Relevant code: src/inference/local_embedder.rs, src/inference/pipeline/, src/daemon/state/mod.rs (local_embedders DashMap).

Encrypted Pipeline

When encrypted_pipeline: true is enabled (globally or per-model), the pipeline scheduler forces the requesting node to handle both the first and last segments. This creates a "boomerang" topology:

Requester (shard 0, embed) → Remote A (middle shards) → ... → Requester (final shard, decode)

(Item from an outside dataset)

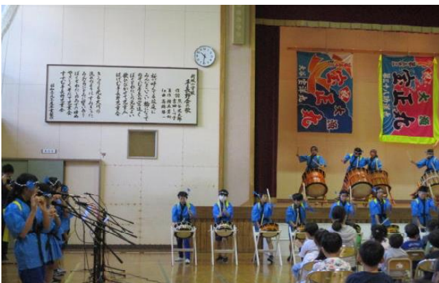
5年生…新城打囃子を力強く披露します。

No remote node ever sees plaintext — neither the raw prompt tokens nor the generated output. Remote nodes only process intermediate hidden-state activations.

Requirements:

  • The requesting node must hold shard 0 (embedding table) AND the final shard (output head)
  • local_embedding_privacy is auto-enabled when encrypted pipeline is active
  • Only useful for models with 3+ shards (2-shard models = fully local, no distribution)

Overhead:

  • Adds ~1 extra network RTT per generated token (activations must return to the requester for final decoding)
  • Latency increase depends on distance to the furthest remote segment
  • No bandwidth overhead vs normal distributed inference (activation sizes are the same)

Per-model configuration:

  • API: GET/PUT /api/admin/models/{id}/encrypted-pipeline
  • Dashboard: gear icon on model card → "Encrypted pipeline" checkbox
  • Global fallback: encrypted_pipeline = true in [inference] config
  • Per-model overrides are persisted to the database

Relevant code: src/inference/scheduler/mod.rs (greedy_assign), src/inference/pipeline/ (auto-enable local embedding), src/api/admin_models/mod.rs (API endpoints), src/daemon/state/mod.rs (encrypted_pipeline_models DashMap).

Known Limitations

These are architectural properties that cannot be fully mitigated with code changes:

  • Gossip epoch key is publicly derivable — derived from "swarmllm-mainnet-v1". Gossip encryption is defense-in-depth; Ed25519 signing is the primary security mechanism.
  • Final-segment output visibility — the node running the last transformer layers sees all generated tokens before pipeline sealing encrypts them. This is inherent to the architecture (see Pipeline Privacy Model).
  • Activation inversion — hidden-state tensors passed between nodes can theoretically be inverted to recover input, especially from early layers. local_embedding_privacy eliminates the trivial case (embedding lookup reversal). Deep-layer inversion remains an open research problem.
  • Byzantine tensor manipulation — malicious peers can send garbage activations. Mitigation: probabilistic spot-check validation (5% rate, 25% for subnet-clustered peers) with trust score reduction on failure.
  • Sybil credit farming — Ed25519 keys are free. Anti-gaming heuristics help but are not bulletproof.
  • GGUF parser vulnerabilities — llama.cpp CVEs. BLAKE3 content hash gates shard loading but parser bugs remain upstream.
  • Kademlia eclipse attacks — strategic Sybil node IDs can control DHT routing. K-bucket eviction policies help.